This exercise classifies the groups of order $60$ (there are thirteen isomorphism types). Let $G$ be a group of order 60, let $P$ be a Sylow 5-subgroup of $G$ and let $Q$ be a Sylow 3-subgroup of $G$.

(a) Prove that if $P$ is not normal in $G$ then $G \cong A_5$. [See Section 4.5.]

(b) Prove that if $P \trianglelefteq G$ but $Q$ is not normal in $G$ then $G \cong A_4 \times Z_5$. [Show in this case that $P \leq Z(G)$,$G/P \cong A_4$, a Sylow 2-subgroup $T$ of $G$ is normal and $TQ \cong A_4$.]

(c) Prove that if both $P$ and $Q$ are normal in $G$ then $G \cong Z_{15} \rtimes T$ where $T \cong Z_4$ or $Z_2 \times Z_2$. Show in this case that there are six isomorphism types when $T$ is cyclic (one abelian) and there are five isomorphism types when $T$ is the Klein 4-group (one abelian). [Use the same ideas as in the classifications of groups of orders 30 and 20.]


My attempt:

(a) If $n_5(G)>1$ then $G$ is simple by Proposition 21 of Section 4. Proposition 23 of the same section gives $G \cong A_5$.

(b) If $P \trianglelefteq G$ but $Q \not \trianglelefteq G$, Sylow's Theorem part (iii) gives $n_3(G) \geq 4$. Let $Q_1,Q_2,Q_3,Q_4$ be four distinct Sylow 3-subgroups. The groups $PQ_i$ are all cyclic and intersect (pairwise) at $P$ (since they have $2$ elements of order $3$). Thus $C_G(P)$ contains at least $15+10+10+10=45$ elements. Lagrange's Theorem gives $|C_G(P)|=60$ and consequently $Z(G) \geq P$.

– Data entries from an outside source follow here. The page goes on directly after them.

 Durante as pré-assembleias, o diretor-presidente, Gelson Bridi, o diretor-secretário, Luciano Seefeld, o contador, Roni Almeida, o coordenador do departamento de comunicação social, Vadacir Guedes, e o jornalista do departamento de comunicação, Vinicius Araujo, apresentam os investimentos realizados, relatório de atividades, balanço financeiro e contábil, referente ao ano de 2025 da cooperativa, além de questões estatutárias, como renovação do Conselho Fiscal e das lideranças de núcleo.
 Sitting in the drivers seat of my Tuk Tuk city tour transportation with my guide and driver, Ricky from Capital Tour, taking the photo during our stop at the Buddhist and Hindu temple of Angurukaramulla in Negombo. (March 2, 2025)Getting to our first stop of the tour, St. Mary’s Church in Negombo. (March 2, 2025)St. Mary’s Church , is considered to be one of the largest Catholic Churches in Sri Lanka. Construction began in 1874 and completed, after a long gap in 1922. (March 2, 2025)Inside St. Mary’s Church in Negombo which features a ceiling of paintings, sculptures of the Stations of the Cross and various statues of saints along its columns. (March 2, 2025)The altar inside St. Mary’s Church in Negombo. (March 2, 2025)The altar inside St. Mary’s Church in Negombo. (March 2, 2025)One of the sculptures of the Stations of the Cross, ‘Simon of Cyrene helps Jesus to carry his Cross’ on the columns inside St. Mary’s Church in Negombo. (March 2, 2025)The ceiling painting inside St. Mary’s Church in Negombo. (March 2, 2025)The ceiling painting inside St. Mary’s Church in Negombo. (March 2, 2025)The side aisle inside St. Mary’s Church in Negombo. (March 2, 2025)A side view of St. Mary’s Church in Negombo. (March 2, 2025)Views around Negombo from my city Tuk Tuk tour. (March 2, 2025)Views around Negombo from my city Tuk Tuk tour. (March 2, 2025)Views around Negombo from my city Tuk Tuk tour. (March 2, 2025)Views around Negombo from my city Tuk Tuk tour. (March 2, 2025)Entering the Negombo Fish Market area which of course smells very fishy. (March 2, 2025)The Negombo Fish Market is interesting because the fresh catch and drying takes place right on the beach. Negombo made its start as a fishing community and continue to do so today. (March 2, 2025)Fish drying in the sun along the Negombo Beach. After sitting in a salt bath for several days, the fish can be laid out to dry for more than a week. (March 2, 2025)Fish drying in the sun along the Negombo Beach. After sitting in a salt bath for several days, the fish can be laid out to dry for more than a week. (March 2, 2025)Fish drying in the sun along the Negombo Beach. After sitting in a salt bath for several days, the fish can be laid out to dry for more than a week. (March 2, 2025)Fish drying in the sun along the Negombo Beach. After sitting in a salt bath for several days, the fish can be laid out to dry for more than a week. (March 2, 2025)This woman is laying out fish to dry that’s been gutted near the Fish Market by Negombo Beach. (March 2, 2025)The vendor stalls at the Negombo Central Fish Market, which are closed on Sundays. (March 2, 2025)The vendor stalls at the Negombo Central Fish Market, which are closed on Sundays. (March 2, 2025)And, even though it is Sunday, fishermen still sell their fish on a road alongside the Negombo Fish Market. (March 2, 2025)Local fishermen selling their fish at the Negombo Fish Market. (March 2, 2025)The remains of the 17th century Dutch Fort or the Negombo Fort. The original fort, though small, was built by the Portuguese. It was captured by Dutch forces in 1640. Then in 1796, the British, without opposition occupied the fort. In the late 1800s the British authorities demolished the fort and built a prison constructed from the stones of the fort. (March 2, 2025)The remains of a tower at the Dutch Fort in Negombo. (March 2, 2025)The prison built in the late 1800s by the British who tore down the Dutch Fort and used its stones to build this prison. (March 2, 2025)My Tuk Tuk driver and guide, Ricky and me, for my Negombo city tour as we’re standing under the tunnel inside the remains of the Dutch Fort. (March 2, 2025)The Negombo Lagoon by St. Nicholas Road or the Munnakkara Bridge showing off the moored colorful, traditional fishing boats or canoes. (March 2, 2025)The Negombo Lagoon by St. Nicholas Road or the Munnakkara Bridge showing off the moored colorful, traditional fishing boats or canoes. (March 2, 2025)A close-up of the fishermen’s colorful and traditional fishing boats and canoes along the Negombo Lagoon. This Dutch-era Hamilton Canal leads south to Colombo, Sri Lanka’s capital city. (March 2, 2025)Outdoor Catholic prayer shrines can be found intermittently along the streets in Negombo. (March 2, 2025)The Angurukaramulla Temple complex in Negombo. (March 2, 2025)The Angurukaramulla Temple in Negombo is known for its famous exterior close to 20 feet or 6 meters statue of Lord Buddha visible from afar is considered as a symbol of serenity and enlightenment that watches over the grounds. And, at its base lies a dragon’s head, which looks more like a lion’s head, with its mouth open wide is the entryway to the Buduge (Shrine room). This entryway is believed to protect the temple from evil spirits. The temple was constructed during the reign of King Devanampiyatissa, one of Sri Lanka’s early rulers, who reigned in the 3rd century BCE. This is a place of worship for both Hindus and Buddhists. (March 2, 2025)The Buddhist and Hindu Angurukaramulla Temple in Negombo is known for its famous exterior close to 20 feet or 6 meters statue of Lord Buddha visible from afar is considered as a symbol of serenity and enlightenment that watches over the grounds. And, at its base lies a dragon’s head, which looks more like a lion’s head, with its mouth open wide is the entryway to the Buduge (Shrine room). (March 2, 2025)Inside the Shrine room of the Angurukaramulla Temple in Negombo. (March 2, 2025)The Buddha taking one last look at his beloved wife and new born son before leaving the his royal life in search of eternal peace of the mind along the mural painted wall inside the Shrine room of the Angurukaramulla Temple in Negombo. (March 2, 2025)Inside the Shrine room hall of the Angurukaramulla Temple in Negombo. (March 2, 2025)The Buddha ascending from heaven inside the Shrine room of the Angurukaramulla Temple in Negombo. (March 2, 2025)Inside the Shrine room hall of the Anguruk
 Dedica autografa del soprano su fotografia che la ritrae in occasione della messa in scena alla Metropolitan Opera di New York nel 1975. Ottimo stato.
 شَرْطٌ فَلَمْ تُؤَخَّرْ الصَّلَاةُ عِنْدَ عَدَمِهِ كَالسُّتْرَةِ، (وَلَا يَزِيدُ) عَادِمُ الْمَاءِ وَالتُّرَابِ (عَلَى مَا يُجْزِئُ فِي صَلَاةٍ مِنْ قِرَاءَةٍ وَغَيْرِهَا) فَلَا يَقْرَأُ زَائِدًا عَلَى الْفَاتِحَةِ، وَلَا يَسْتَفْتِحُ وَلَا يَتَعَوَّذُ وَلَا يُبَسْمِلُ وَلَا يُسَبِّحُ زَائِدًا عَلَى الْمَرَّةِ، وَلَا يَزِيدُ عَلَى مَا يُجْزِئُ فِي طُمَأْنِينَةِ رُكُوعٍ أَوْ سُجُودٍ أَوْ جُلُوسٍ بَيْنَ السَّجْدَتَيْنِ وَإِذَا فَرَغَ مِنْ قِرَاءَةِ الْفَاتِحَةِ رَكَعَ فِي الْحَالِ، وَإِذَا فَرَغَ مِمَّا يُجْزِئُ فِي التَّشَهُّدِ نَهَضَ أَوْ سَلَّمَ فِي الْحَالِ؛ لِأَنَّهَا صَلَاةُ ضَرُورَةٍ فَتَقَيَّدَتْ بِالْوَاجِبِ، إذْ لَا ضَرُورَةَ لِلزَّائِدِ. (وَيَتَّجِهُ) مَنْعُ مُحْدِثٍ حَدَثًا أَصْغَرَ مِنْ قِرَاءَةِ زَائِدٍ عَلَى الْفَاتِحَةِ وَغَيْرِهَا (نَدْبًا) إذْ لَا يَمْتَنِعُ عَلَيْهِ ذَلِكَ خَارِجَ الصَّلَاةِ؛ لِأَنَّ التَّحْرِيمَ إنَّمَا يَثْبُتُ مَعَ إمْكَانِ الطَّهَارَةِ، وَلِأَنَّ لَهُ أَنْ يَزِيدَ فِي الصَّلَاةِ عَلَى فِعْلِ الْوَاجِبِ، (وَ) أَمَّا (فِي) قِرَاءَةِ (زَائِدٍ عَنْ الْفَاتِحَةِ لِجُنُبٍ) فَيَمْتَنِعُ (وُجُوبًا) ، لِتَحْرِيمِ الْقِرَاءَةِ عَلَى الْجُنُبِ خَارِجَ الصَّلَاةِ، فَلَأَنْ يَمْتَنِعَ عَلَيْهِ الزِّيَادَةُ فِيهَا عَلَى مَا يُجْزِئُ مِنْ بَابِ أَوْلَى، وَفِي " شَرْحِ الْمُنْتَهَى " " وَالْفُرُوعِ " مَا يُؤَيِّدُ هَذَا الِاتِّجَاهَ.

The quotient $G/P$ is of order $12=2^2 \cdot 3$. We know that for groups of order 12 either $n_2=1$ or $n_3=1$. Suppose by way of contradiction that $n_3=1$. As the group $Q_1P/P$ is a Sylow 3-subgroup it is normal. The Fourth Isomorphism Theorem gives that $Q_1P \trianglelefteq G$. However, let $g$ be an element of $G$ conjugating $Q_1$ to $Q_2$ (which exists by Sylow's Theorem part (ii)). We have $gQ_1Pg^{-1}=gQ_1g^{-1}gPg^{-1}=Q_2P \neq Q_1P$. Thus $n_3 \neq 1$ and consequently $n_2=1$. The discussion on pages 182-183 gives $G/P \cong A_4$. The Fourth Isomorphism Theorem applied again gives that a Sylow 2-subgroup of $G$, $T$ is normal. Thus $TQ \leq G$ is a subgroup of order $12$. If $Q \trianglelefteq TQ$ then since $Q$ is normalised by $TQ$ as well as the elements of the central subgroup $P$, we find that $Q \trianglelefteq G$ which is a contradiction. Thus $n_3(TQ) \neq 1$ and consequently $TQ \cong A_4$. Now, since $P \trianglelefteq G$ and $P \cap TQ=1$, we have that $G \cong P \rtimes_\varphi TQ \cong Z_5 \rtimes_\varphi A_4$ for some homomorphism $\varphi$. Since $A_4$ is generated by the 3-cycles, and since $\text{Aut}(Z_5) \cong Z_4$ has no elements of order 3, we find that $\varphi$ is trivial. Hence $G \cong Z_5 \times A_4$ in that case.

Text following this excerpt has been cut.